### Recorded information
- - - - - - -

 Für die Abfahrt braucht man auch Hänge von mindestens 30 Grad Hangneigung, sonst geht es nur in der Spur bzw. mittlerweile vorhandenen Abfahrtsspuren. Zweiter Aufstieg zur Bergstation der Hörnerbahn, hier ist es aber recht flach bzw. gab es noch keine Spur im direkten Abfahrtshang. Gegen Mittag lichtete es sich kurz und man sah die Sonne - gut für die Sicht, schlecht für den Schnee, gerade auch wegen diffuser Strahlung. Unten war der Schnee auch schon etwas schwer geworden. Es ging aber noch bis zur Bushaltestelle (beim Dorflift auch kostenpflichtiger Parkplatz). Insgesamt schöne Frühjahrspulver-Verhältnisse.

- - - - - - -

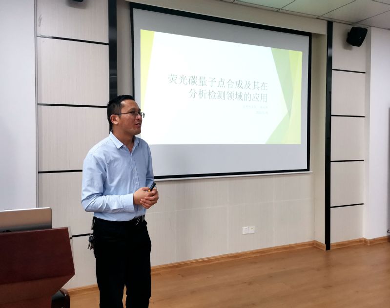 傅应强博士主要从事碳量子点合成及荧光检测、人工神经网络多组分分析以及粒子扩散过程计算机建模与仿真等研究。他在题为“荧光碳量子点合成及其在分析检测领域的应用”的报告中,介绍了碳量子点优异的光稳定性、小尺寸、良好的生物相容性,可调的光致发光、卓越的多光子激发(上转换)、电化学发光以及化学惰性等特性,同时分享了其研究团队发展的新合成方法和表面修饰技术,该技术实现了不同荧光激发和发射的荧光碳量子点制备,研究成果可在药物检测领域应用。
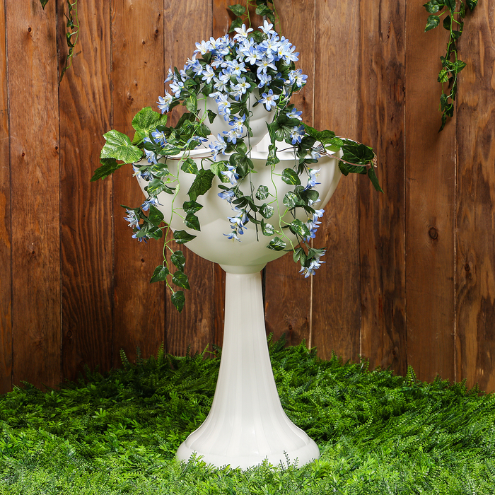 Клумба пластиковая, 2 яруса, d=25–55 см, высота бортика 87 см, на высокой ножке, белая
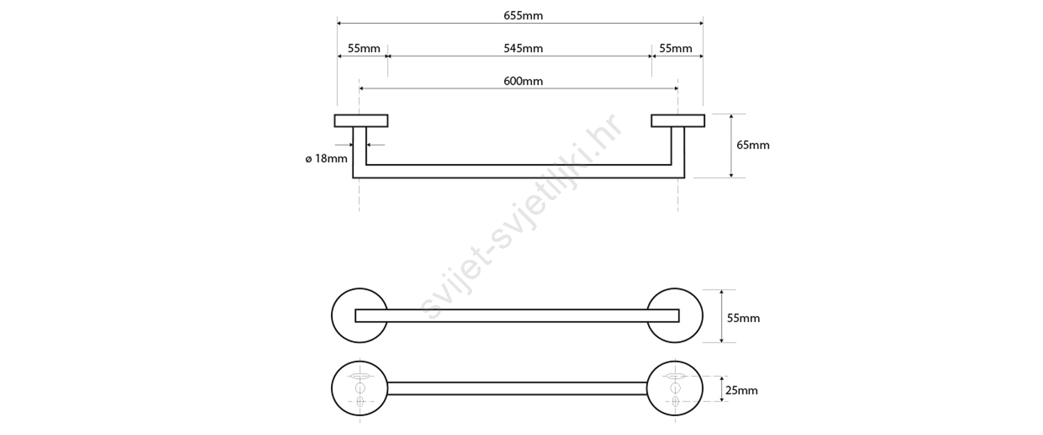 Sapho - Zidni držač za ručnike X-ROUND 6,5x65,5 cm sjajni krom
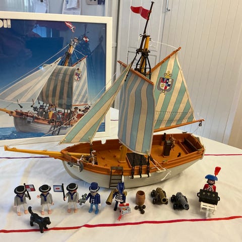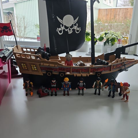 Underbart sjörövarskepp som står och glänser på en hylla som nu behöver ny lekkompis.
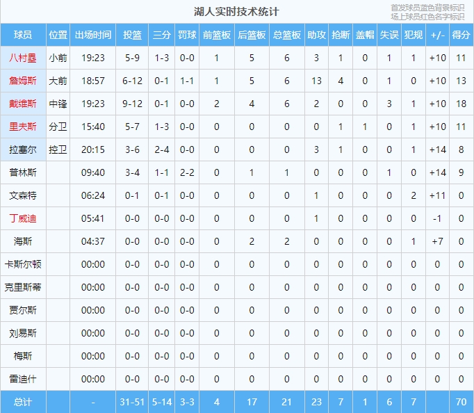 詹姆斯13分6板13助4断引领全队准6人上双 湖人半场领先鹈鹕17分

- - - - - - -

### Exercise directions
The stretch above running from the line with "Sapho - Zidni" through the line with "詹姆斯13分6板13助4断引领全队准6人上双 湖人半场领先鹈鹕17分" is all you should copy, exactly, leaving out the pictures.

### Reply
 Sapho - Zidni držač za ručnike X-ROUND 6,5x65,5 cm sjajni krom
 Underbart sjörövarskepp som står och glänser på en hylla som nu behöver ny lekkompis.
 詹姆斯13分6板13助4断引领全队准6人上双 湖人半场领先鹈鹕17分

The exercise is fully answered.